╔══

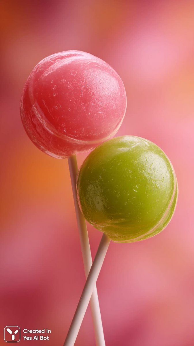 two lollipops, one pink and one green, against a pink bg, hdr, hd, no blur effect, no shadows, delicious textures.
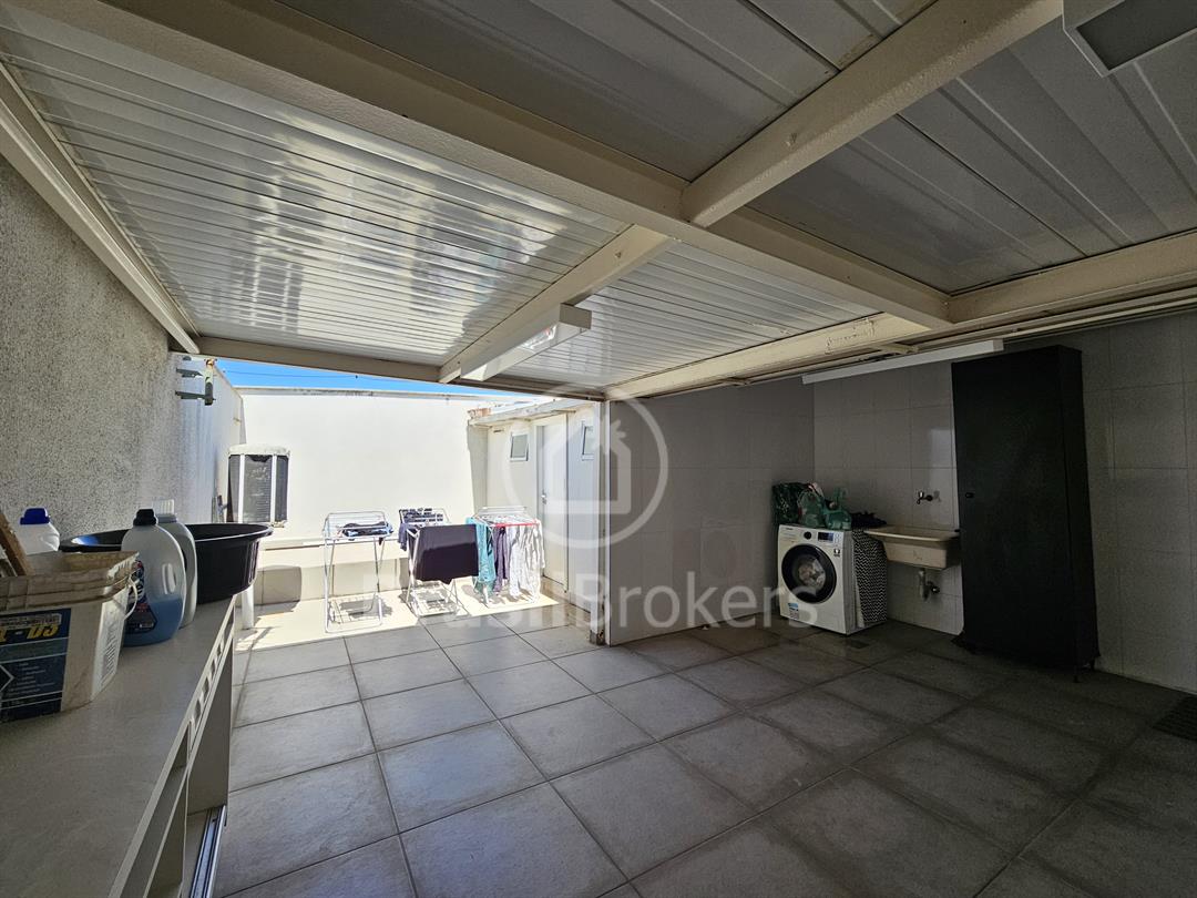 O imóvel ainda conta com direito a uso da laje, já regularizada em cartório, atualmente convertida em uma ampla lavanderia, com espaço suficiente até mesmo para montar uma oficina ou área de hobby. No primeiro piso, o quarto master e a sala possuem varandas aconchegantes
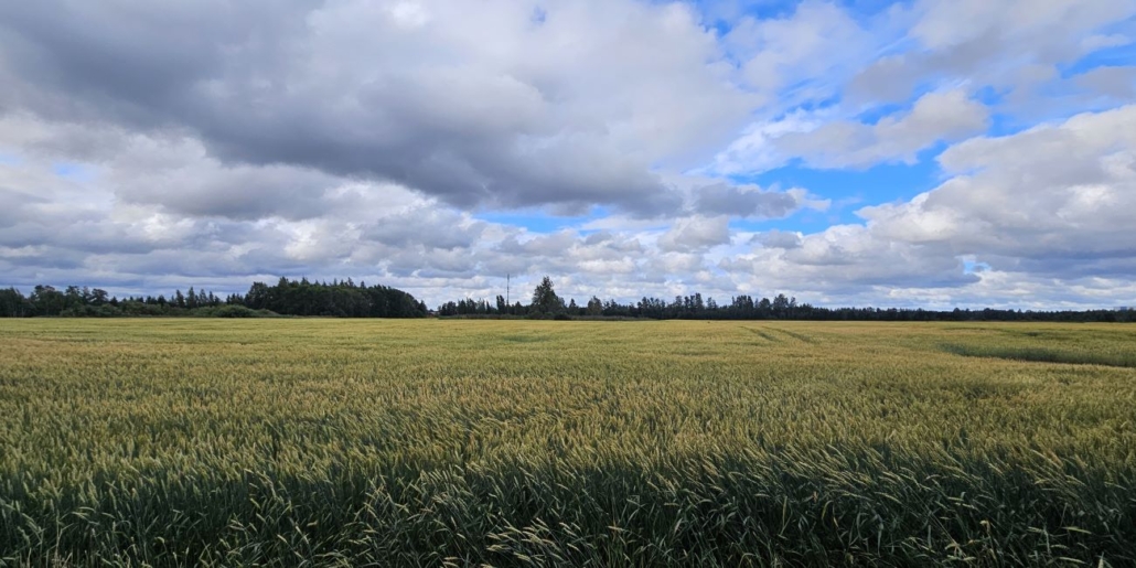 Reitti siirtyy hetkeksi Lanajuovantielle. Tässä voi ihailla komeaa viljapeltoa.
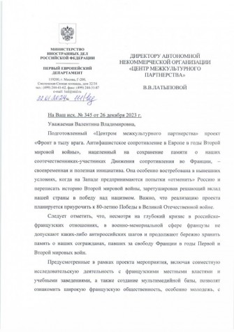 Автономная некоммерческая организация по развитию общественно-культурных инициатив "Центр межкультурного партнерства" планирует направить просветительский проект "Фронт в тылу врага. Антифашистское сопротивление в Европе в годы Второй мировой войне" на конкурс Фонда президентских грантов для получение гранта на его реализацию.
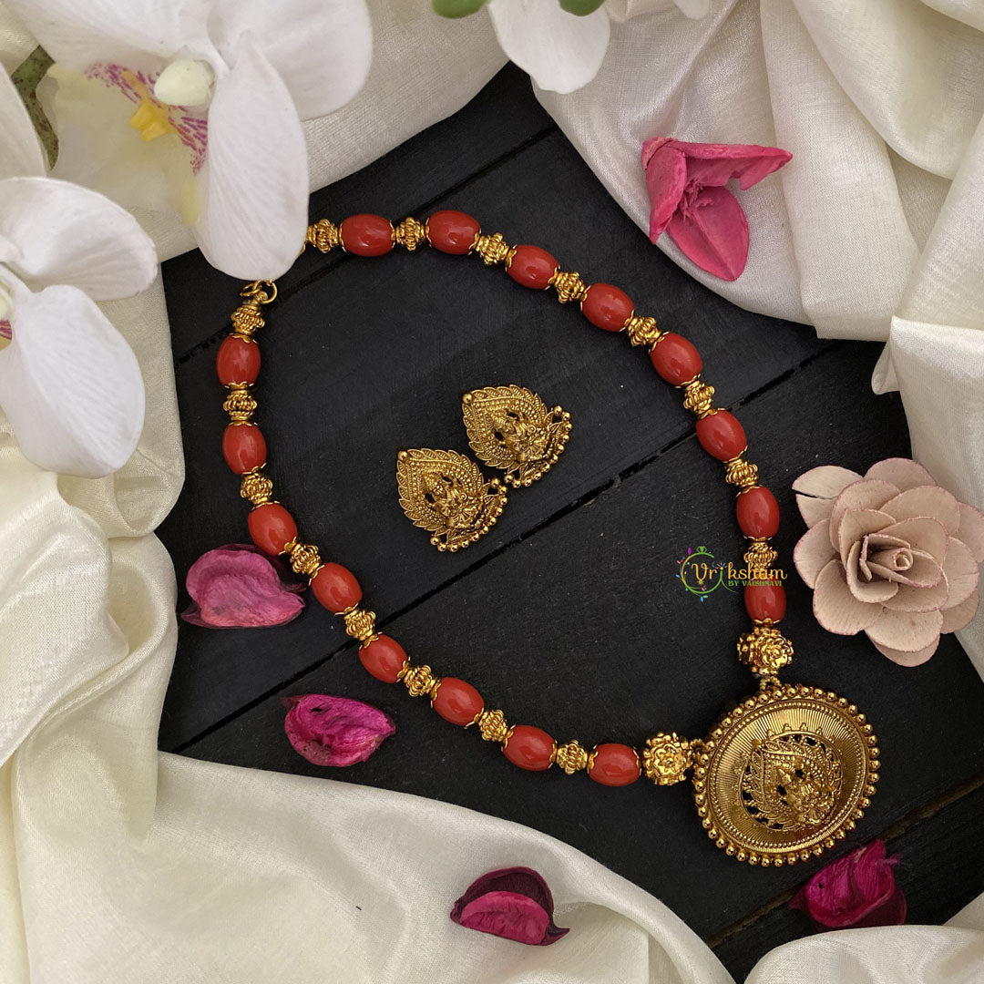 Indulge in luxury with our Vriksham Gold Look Alike Lakshmi Pendant Coral Bead neckpiece. With intricate detailing and a stunning design, this pendant will add a touch of elegance to any outfit. Embrace the goddess of wealth with this exclusive piece and stand out in style.

╚══

AIM OF THE TASK: Take the lines from the start of the entries through the line containing "Reitti siirtyy hetkeksi" and set them down exactly, leaving out every picture.

RESPONSE TO THIS TASK:
 two lollipops, one pink and one green, against a pink bg, hdr, hd, no blur effect, no shadows, delicious textures.
 O imóvel ainda conta com direito a uso da laje, já regularizada em cartório, atualmente convertida em uma ampla lavanderia, com espaço suficiente até mesmo para montar uma oficina ou área de hobby. No primeiro piso, o quarto master e a sala possuem varandas aconchegantes
 Reitti siirtyy hetkeksi Lanajuovantielle. Tässä voi ihailla komeaa viljapeltoa.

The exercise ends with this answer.